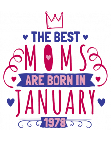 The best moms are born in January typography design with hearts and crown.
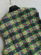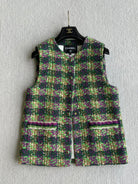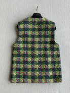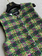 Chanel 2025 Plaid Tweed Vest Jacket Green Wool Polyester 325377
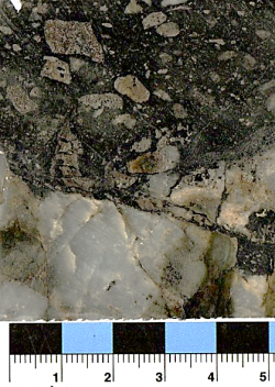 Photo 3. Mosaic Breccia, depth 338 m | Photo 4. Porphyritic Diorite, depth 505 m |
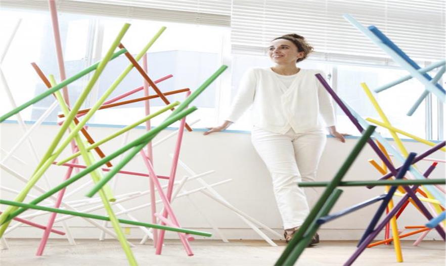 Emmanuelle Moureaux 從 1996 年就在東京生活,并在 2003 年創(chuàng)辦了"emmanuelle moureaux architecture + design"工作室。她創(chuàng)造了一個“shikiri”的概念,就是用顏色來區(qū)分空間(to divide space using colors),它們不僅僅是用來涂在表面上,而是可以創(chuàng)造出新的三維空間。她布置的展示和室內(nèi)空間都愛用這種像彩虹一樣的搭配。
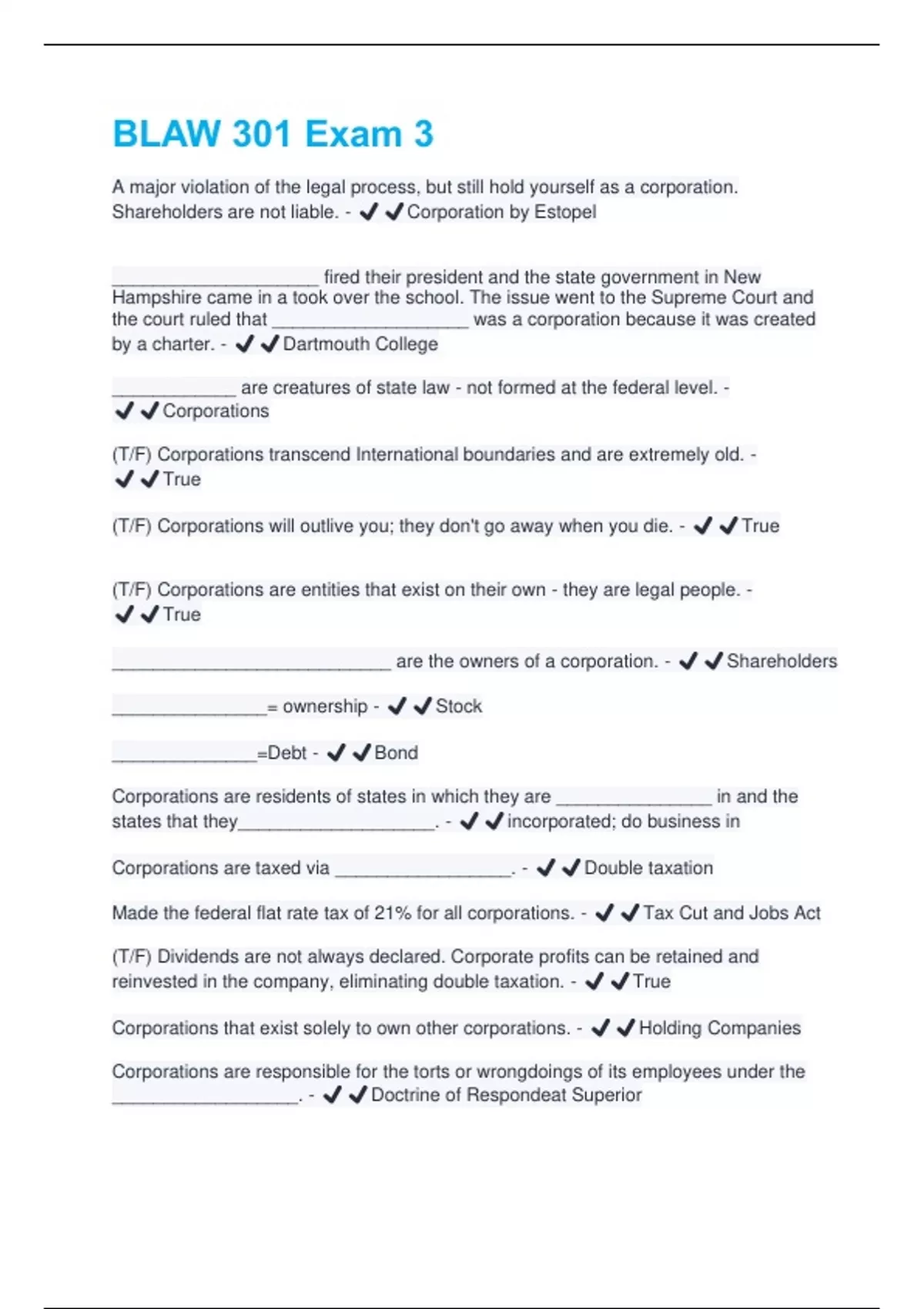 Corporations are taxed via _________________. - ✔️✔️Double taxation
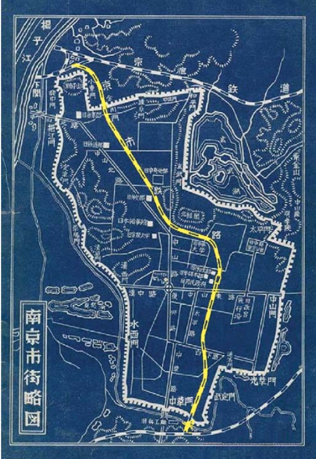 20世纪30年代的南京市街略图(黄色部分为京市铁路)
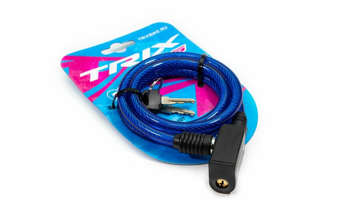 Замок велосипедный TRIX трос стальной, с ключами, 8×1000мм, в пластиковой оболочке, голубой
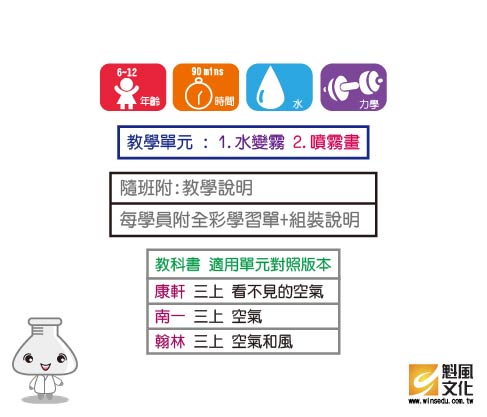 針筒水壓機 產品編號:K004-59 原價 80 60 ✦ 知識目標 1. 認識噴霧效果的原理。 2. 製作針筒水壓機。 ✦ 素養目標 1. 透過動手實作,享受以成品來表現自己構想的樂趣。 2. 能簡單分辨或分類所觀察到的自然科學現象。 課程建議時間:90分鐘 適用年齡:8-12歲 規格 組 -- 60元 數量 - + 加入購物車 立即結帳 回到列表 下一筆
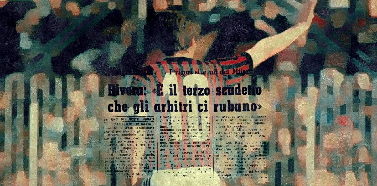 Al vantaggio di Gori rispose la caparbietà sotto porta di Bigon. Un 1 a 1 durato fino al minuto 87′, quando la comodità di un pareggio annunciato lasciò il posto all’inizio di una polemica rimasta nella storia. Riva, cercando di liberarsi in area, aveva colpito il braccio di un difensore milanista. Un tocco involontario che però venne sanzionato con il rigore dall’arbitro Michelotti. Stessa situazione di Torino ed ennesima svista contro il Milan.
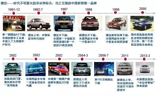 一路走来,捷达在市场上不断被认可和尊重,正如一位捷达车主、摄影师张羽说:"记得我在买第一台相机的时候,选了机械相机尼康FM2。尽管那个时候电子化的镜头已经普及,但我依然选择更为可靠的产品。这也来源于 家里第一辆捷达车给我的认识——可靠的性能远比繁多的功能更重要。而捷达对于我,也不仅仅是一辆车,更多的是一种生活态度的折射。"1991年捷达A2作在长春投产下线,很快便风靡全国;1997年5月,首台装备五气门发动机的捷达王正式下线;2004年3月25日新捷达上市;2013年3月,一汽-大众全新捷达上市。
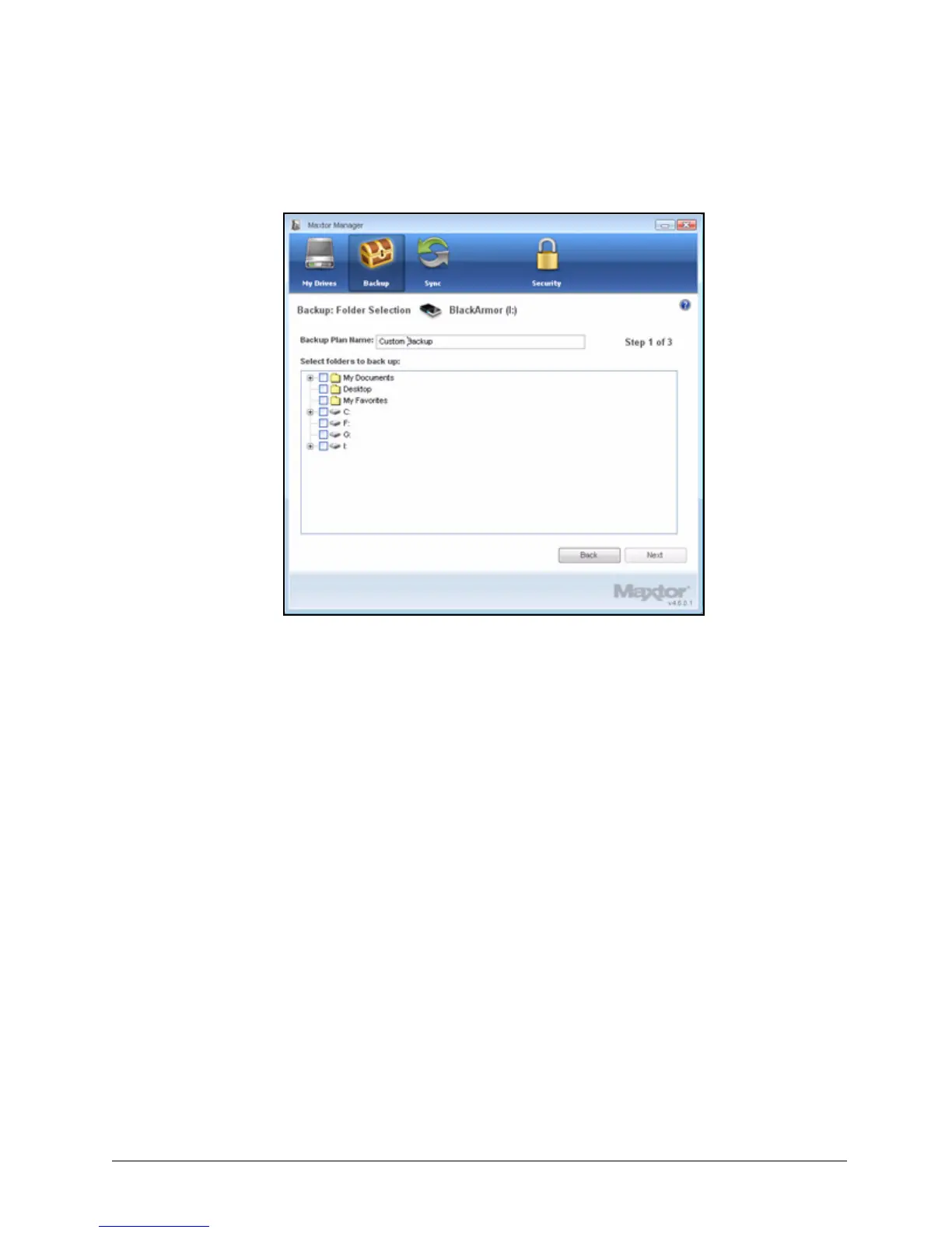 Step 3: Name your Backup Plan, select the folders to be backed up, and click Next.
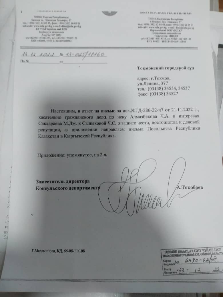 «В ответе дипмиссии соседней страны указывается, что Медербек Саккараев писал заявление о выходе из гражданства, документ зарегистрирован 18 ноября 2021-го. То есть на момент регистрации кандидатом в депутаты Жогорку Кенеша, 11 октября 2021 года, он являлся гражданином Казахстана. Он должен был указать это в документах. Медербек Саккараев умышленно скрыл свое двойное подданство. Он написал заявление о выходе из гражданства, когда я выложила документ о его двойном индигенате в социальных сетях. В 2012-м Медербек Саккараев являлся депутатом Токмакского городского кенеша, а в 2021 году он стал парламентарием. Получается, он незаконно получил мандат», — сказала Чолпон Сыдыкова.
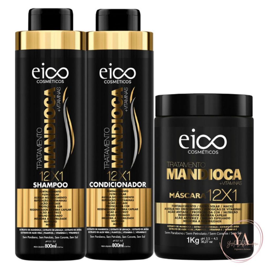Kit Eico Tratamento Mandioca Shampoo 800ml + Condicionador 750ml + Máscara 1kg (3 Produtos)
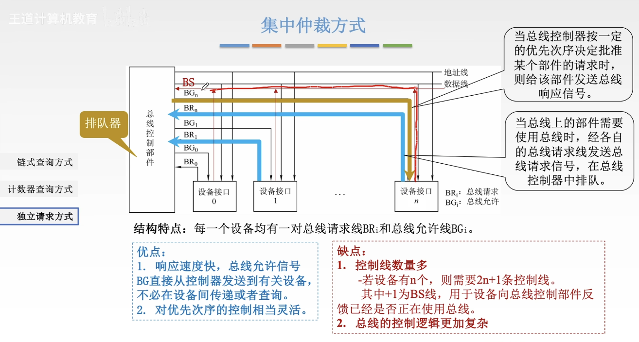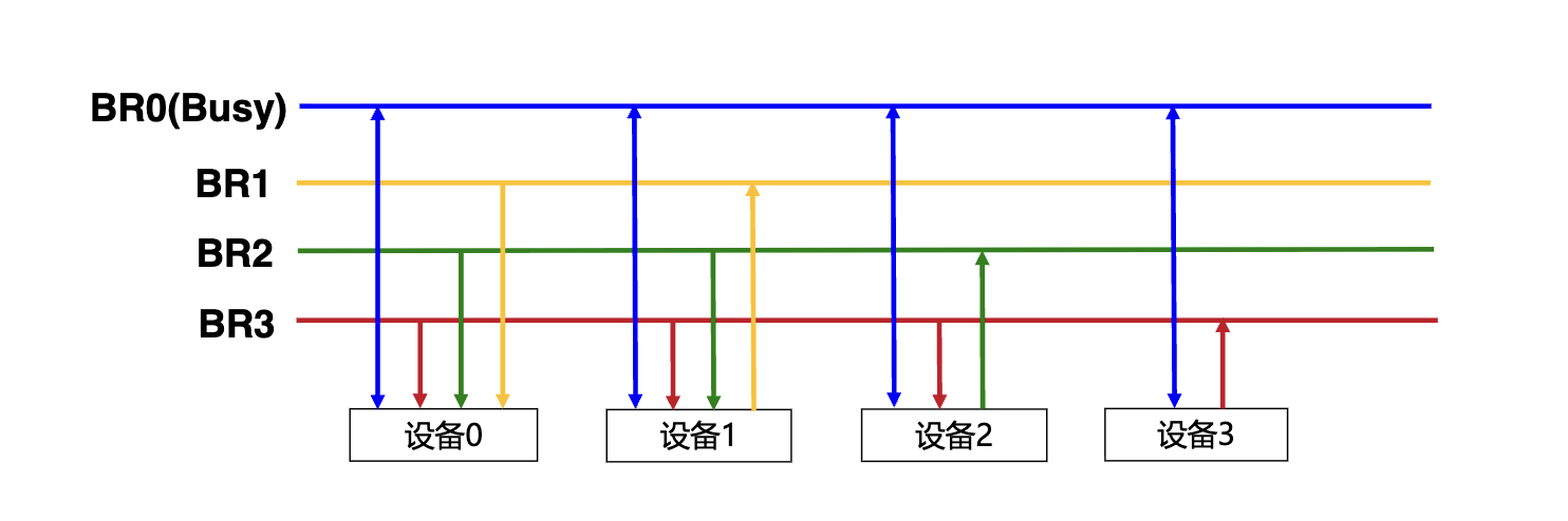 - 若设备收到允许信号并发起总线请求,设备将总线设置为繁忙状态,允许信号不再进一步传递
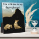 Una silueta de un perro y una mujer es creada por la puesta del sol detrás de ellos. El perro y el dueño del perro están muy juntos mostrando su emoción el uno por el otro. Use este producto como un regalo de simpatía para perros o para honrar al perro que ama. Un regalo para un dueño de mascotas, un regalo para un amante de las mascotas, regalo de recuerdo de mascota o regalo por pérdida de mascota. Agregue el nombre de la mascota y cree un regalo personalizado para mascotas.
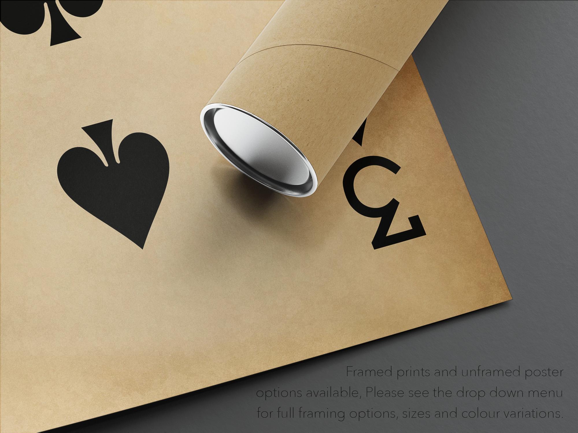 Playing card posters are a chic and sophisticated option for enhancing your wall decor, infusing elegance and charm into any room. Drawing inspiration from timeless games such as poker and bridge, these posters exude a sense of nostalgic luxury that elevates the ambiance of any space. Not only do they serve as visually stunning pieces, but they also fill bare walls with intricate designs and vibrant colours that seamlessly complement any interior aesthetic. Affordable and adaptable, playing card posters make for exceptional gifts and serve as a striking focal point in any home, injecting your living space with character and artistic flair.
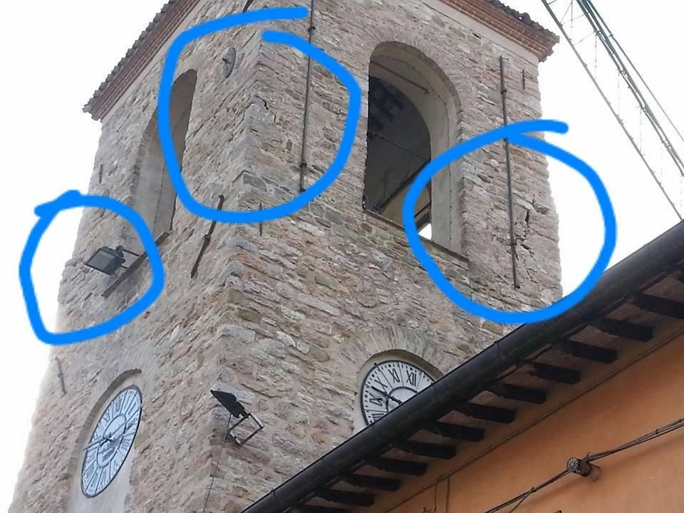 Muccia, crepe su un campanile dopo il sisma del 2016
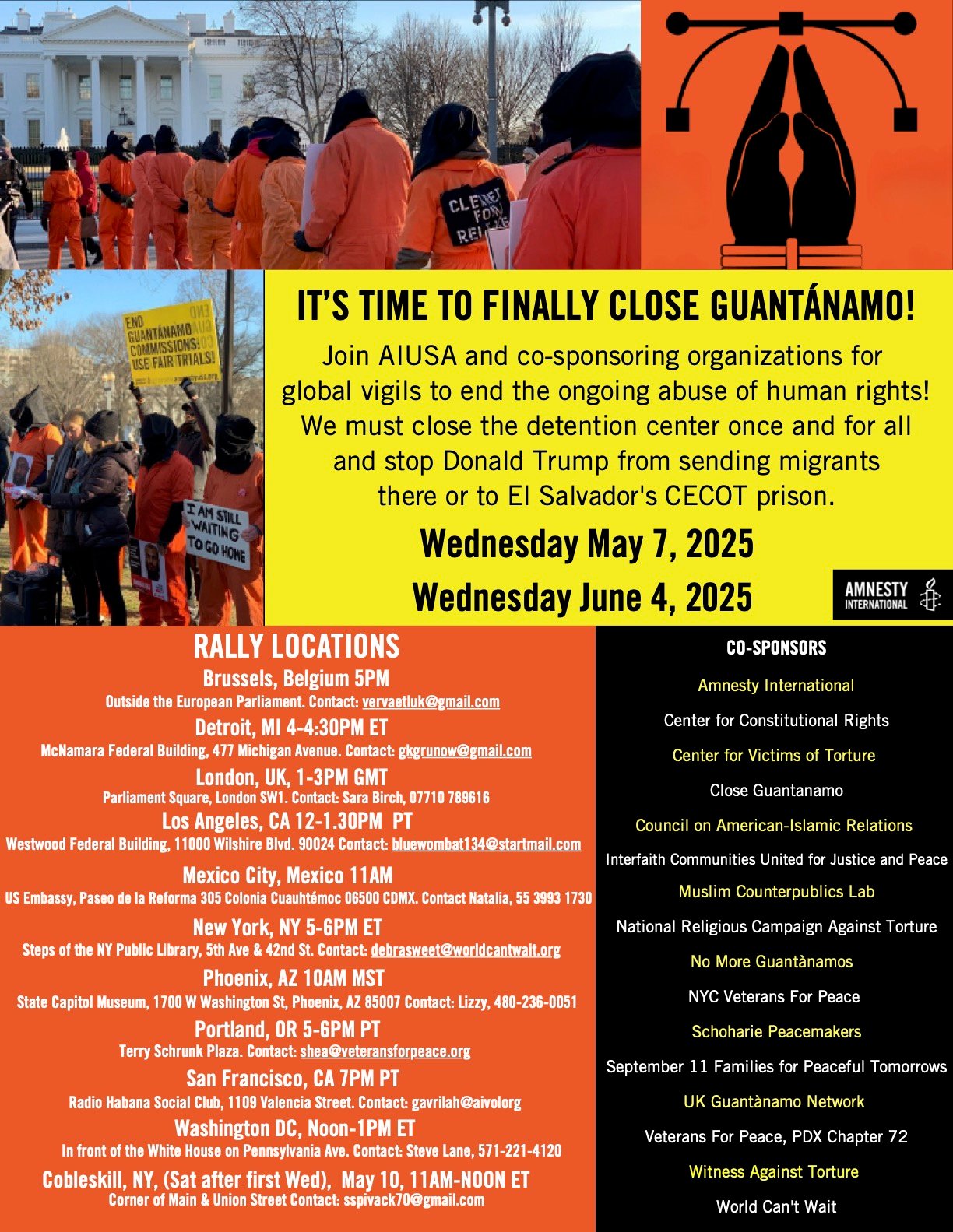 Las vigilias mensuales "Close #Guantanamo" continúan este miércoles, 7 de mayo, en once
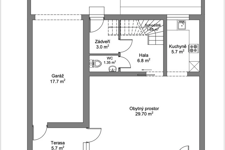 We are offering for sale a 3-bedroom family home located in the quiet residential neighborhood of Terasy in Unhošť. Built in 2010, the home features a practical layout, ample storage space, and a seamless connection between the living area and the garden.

TO DO => When you set down the records above, copy every line exactly and exclude the pictures.

PROBLEM SOLUTION =>
 The best moms are born in January typography design with hearts and crown.
 Chanel 2025 Plaid Tweed Vest Jacket Green Wool Polyester 325377
 Photo 3. Mosaic Breccia, depth 338 m | Photo 4. Porphyritic Diorite, depth 505 m |
 Emmanuelle Moureaux 從 1996 年就在東京生活,并在 2003 年創(chuàng)辦了"emmanuelle moureaux architecture + design"工作室。她創(chuàng)造了一個“shikiri”的概念,就是用顏色來區(qū)分空間(to divide space using colors),它們不僅僅是用來涂在表面上,而是可以創(chuàng)造出新的三維空間。她布置的展示和室內(nèi)空間都愛用這種像彩虹一樣的搭配。
 Corporations are taxed via _________________. - ✔️✔️Double taxation
 20世纪30年代的南京市街略图(黄色部分为京市铁路)
 Замок велосипедный TRIX трос стальной, с ключами, 8×1000мм, в пластиковой оболочке, голубой
 針筒水壓機 產品編號:K004-59 原價 80 60 ✦ 知識目標 1. 認識噴霧效果的原理。 2. 製作針筒水壓機。 ✦ 素養目標 1. 透過動手實作,享受以成品來表現自己構想的樂趣。 2. 能簡單分辨或分類所觀察到的自然科學現象。 課程建議時間:90分鐘 適用年齡:8-12歲 規格 組 -- 60元 數量 - + 加入購物車 立即結帳 回到列表 下一筆
 Al vantaggio di Gori rispose la caparbietà sotto porta di Bigon. Un 1 a 1 durato fino al minuto 87′, quando la comodità di un pareggio annunciato lasciò il posto all’inizio di una polemica rimasta nella storia. Riva, cercando di liberarsi in area, aveva colpito il braccio di un difensore milanista. Un tocco involontario che però venne sanzionato con il rigore dall’arbitro Michelotti. Stessa situazione di Torino ed ennesima svista contro il Milan.
 一路走来,捷达在市场上不断被认可和尊重,正如一位捷达车主、摄影师张羽说:"记得我在买第一台相机的时候,选了机械相机尼康FM2。尽管那个时候电子化的镜头已经普及,但我依然选择更为可靠的产品。这也来源于 家里第一辆捷达车给我的认识——可靠的性能远比繁多的功能更重要。而捷达对于我,也不仅仅是一辆车,更多的是一种生活态度的折射。"1991年捷达A2作在长春投产下线,很快便风靡全国;1997年5月,首台装备五气门发动机的捷达王正式下线;2004年3月25日新捷达上市;2013年3月,一汽-大众全新捷达上市。
 Step 3: Name your Backup Plan, select the folders to be backed up, and click Next.
 «В ответе дипмиссии соседней страны указывается, что Медербек Саккараев писал заявление о выходе из гражданства, документ зарегистрирован 18 ноября 2021-го. То есть на момент регистрации кандидатом в депутаты Жогорку Кенеша, 11 октября 2021 года, он являлся гражданином Казахстана. Он должен был указать это в документах. Медербек Саккараев умышленно скрыл свое двойное подданство. Он написал заявление о выходе из гражданства, когда я выложила документ о его двойном индигенате в социальных сетях. В 2012-м Медербек Саккараев являлся депутатом Токмакского городского кенеша, а в 2021 году он стал парламентарием. Получается, он незаконно получил мандат», — сказала Чолпон Сыдыкова.
Kit Eico Tratamento Mandioca Shampoo 800ml + Condicionador 750ml + Máscara 1kg (3 Produtos)
 - 若设备收到允许信号并发起总线请求,设备将总线设置为繁忙状态,允许信号不再进一步传递
 Una silueta de un perro y una mujer es creada por la puesta del sol detrás de ellos. El perro y el dueño del perro están muy juntos mostrando su emoción el uno por el otro. Use este producto como un regalo de simpatía para perros o para honrar al perro que ama. Un regalo para un dueño de mascotas, un regalo para un amante de las mascotas, regalo de recuerdo de mascota o regalo por pérdida de mascota. Agregue el nombre de la mascota y cree un regalo personalizado para mascotas.
 Playing card posters are a chic and sophisticated option for enhancing your wall decor, infusing elegance and charm into any room. Drawing inspiration from timeless games such as poker and bridge, these posters exude a sense of nostalgic luxury that elevates the ambiance of any space. Not only do they serve as visually stunning pieces, but they also fill bare walls with intricate designs and vibrant colours that seamlessly complement any interior aesthetic. Affordable and adaptable, playing card posters make for exceptional gifts and serve as a striking focal point in any home, injecting your living space with character and artistic flair.
 Muccia, crepe su un campanile dopo il sisma del 2016
 Las vigilias mensuales "Close #Guantanamo" continúan este miércoles, 7 de mayo, en once
 We are offering for sale a 3-bedroom family home located in the quiet residential neighborhood of Terasy in Unhošť. Built in 2010, the home features a practical layout, ample storage space, and a seamless connection between the living area and the garden.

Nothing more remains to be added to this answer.